Work habits in Japan and the UK as seen by ISL Online

Ever since I started working on the post related to the Japanese servers during the devastating earthquake and tsunami, my thoughts have been turning to the surprising fact that the Japanese work until midnight as you can see from this graph. It does not mean that Europeans are not hardworking, and yet I could not imagine people in the UK working from 9 to 24. The question about proverbial differences between the Japanese and English work habits intrigued me to the point that I decided to seriously look into the matter. What I found was interesting and somehow contradictory, especially when comparing the use of remote desktop support software in both countries.

I am sure that many people have an image of the Japanese working environment giving more or less lifetime-employment but on the other hand demanding long working hours and unstinting devotion to one’s company. According to OECD’s employment outlook 2010, if we compare average annual hours of the two countries, Japan today doesn’t really stand out as a person might expect. Although the number was extremely high in 1979 -2,126, average annual hours in Japan have been persistently dropping during the last three decades. In 2009, an average worker did 1,714 hours, which is only 68 more than in the UK. Then again, there is a slightly larger discrepancy in the number of days of paid vacation that an average worker is entitled to – 28 days in the UK compared to the modest 15 days in Japan. Even so, an average Japanese worker takes only 7 days of paid vacation.

Similarities in the number of average annual hours between Japan and the UK nonwithstanding, I was interested in how ISL Online remote desktop support users behave in both countries.

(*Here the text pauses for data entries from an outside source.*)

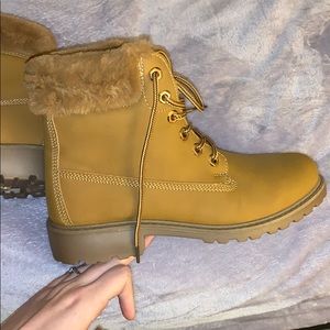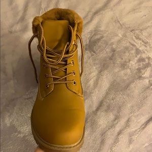 Tan, timberland-like, fuzzy around the top of the boot. Fits smaller than size. Worn only once
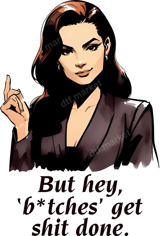 See allShow the world you mean business with this striking DTF transfer featuring a confident, dark-haired woman in a blazer, finger pointed, accompanied by the bold and unapologetic quote: "But hey, 'b*tches' get shit done." This vibrant design captures a powerful, sassy, and humorous vibe, making it a perfect ready to press statement piece for anyone who embraces their strength and efficiency. This direct to film transfer is ideal for strong women, entrepreneurs, hustlers, or anyone who appreciates a touch of fierce humor. It makes an excellent gift for birthdays, Galentine's Day, or just to celebrate the hardworking women in your life. Perfect for empowerment events, protest gear, or simply as an everyday reminder that getting things done is what truly matters. Our professional heat transfer is incredibly versatile, working flawlessly on various fabric types including cotton, polyester, and blends. Easily apply this design using a heat press at 300-325°F for 15 seconds with medium pressure. For home crafters, a household iron can also be used, ensuring a smooth application without the hassle of weeding. This iron on decal offers a quick and professional finish every time. Experience superior quality with this ready to press transfer. Crafted using premium DTF film and strong adhesive, the colors are incredibly vibrant, crack-resistant, and the print remains soft to the touch, ensuring maximum comfort and long-lasting durability. Elevate your apparel with this high-quality shirt design, providing a flawless and professional look that stands the test of time.
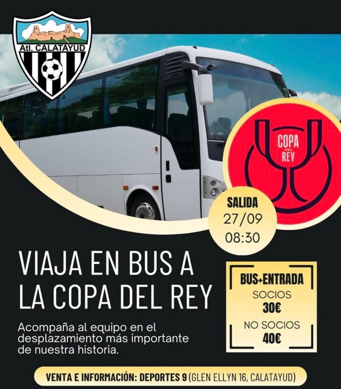 El Atlético Calatayud C.F. ha organizado un viaje en autobús para que sus aficionados puedan acompañar al equipo en un partido histórico. El club se enfrentará al Atlético Sant Just en el partido de ida de la fase previa de la Copa del Rey.
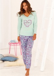 Пижама. Модный бренд Buffalo представляет очаровательную пижаму из одностороннего хлопкового джерси, которая обеспечит Вам сладкие сны! Верх украшен глубоким V-образным вырезом и милым принтом в виде сердечка. Длинные брюки с удобным эластичным поясом и...
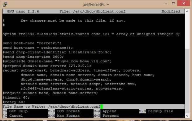 Busque la línea que dice "#send nombre de host"andare.fugue.com";" y quite la octothorpe (#) de esta línea. Cambiar el nombre de host que desea "andare.fugue.com" (una vez más, elegí "FerretPi"). Nano de salida escribiendo "Ctrl-x". Tipo "Y" y luego presiona enter para guardar los cambios. Probablemente tendrás que golpear entrar una vez más para ahorrar.
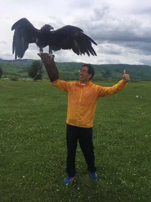 原来托起雄鹰拍照不仅有技巧的,还要有点胆量与力量的。在哈萨克小伙子的指导下,我慢慢的举着鹰,我当时是第一个去举起雄鹰的,我想这雄鹰要是啄一我,那一块肉就不见了。哈萨克小伙子先帮我戴上牛皮套再举起沉甸甸的雄鹰,但雄鹰却不展开双翅,我们必须让举着鹰的右手上下左右摆动,雄鹰怕掉下来,就欲展翅飞翔了。唉,这可真是个力气活。
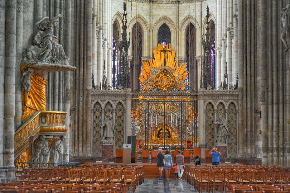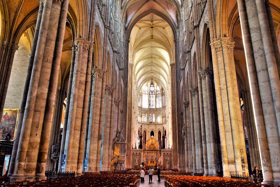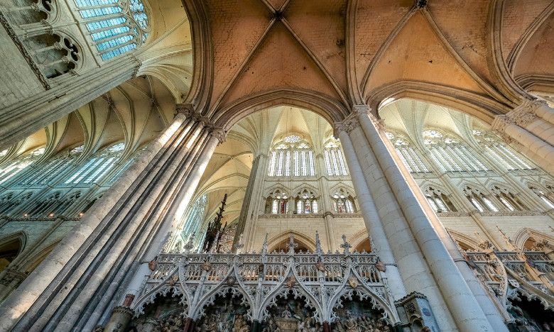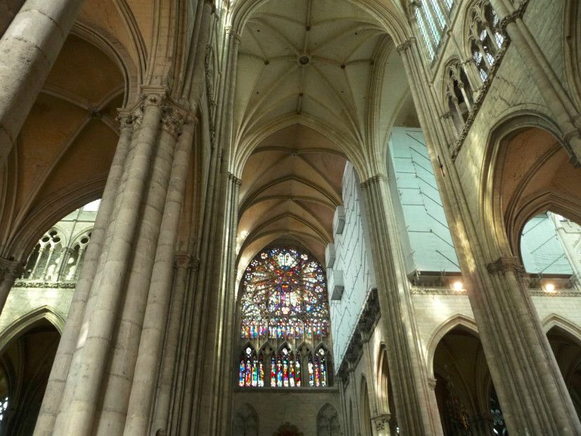 Внутреннее пространство собора поражает своими огромными размерами и великолепием. Несмотря на то, что интерьер Амьенского собора - самый большой среди готических соборов Франции, он не подавляет своими размерами, а, наоборот, кажется лёгким и на удивление гармоничным. Звёздчатый нервюрный свод собора поддерживают 126 колонн, огромные витражные окна наполняют светом буквально каждый уголок внутреннего пространства, а за счёт плавного "перетекания" трёхнефной входной части в трёхнефный трансепт и далее - в пятинефный хор, всё пространство собора воспринимается как единое целое.
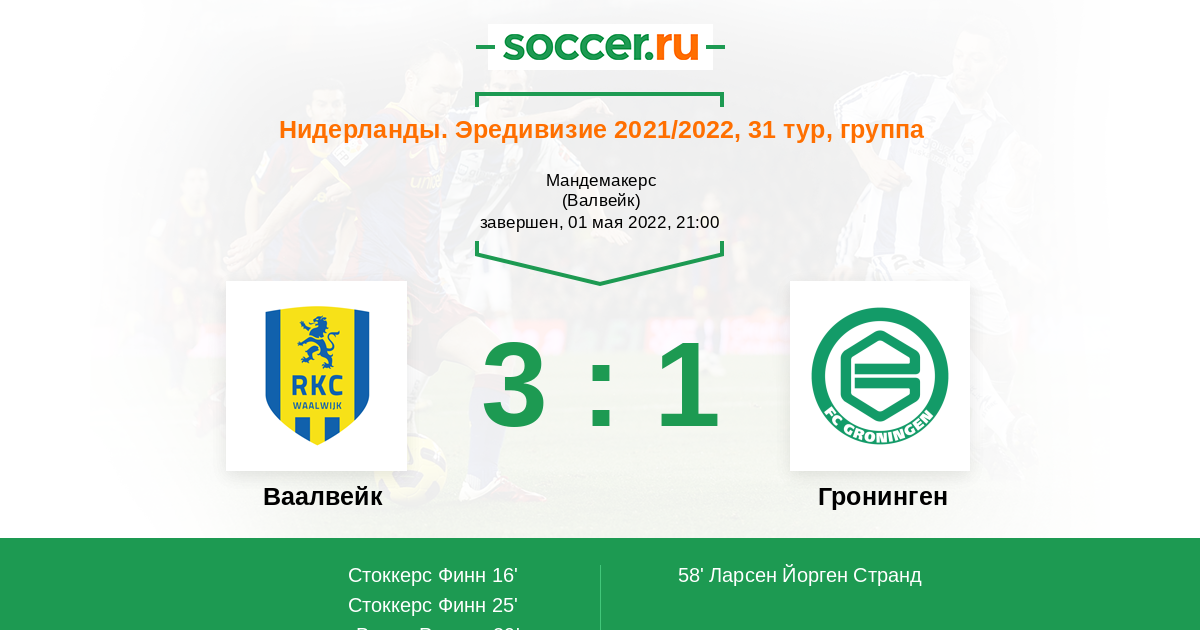 Нидерланды. Эредивизи 20.03.2021 Ваалвейк Логотип футбольный клуб Ваалвейк (Валвейк) 3:1 Логотип футбольный клуб Гронинген Гронинген
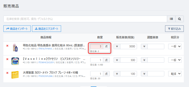 ※同じ在庫商品が複数ある場合、販売点数分だけバーコードを読み取りすることで反映が可能です。「数量」に直接数字を入力も可能です。
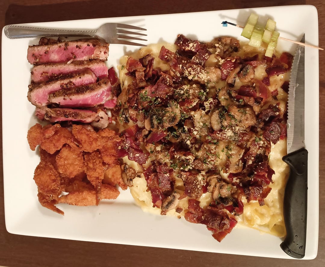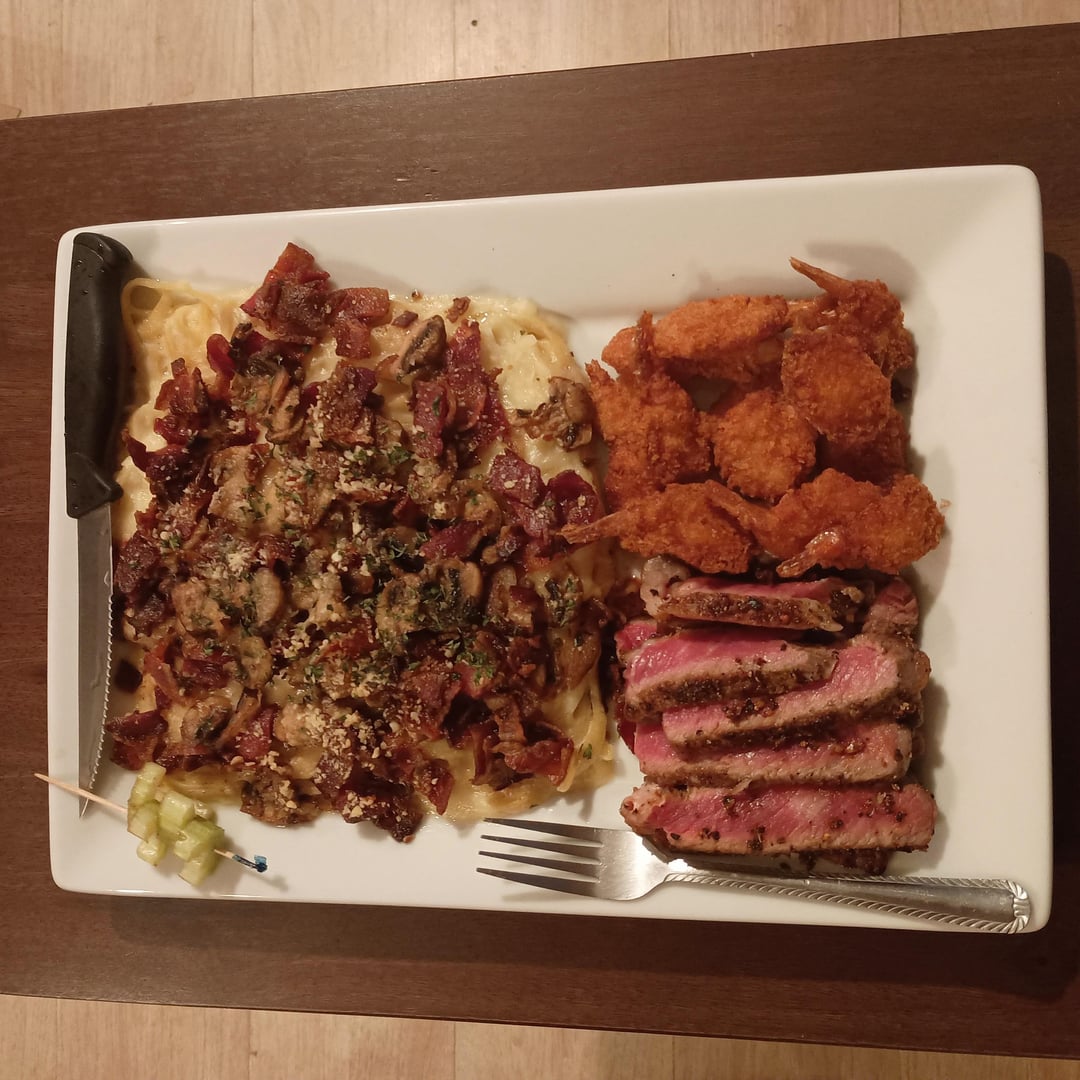 Mushroom and Bacon Fettuccine Alfredo, Steak and Shrimp. by Comrade_Shaggy Homemade DishPastaWrite A CommentYou must be logged in to post a comment.

Remote support sessions, which are hosted on the ISL Online’s global cloud computing based network, follow a pretty similar trend during the weekdays; not many users are active during the night, but start at around 8 or 9 in the morning. Whereas UK users create more remote desktop support sessions before lunch and then slow down a bit afterwards until finally ending their work sometime between 17 and 18, the Japanese support more after their lunch break and then gradually stop working sometime between 17 and 22. Weekends, on the other hand, are a completely different story. Although people in the UK show some activity on sacred Saturdays and Sundays, the Japanese work a lot more, i.e. from around 12 to 22.

Let us look into Alan Macfarlane’s paper to find the explanation of the evident differences in the attitudes to work between the two. According to Macfarlane, the great difference between the Japanese and European traditions lies really in the mix of the motives to work. In Europe, there is deep ambivalence toward work; it is in a way sacrifice. In Japanese culture, since work largely arises from a need to communicate and express views in relation to others, it is often regarded as rewarding, strenuous but pleasant, like a sort of game. Where the two traditions meet as is the case here, work is valued and endless. It is symbolically as well as instrumentally important. It is an expression of a person’s identity as well as a means of acquiring wealth. Work as a source of self-esteem is essential to every human being, evidently even more so to the Japanese.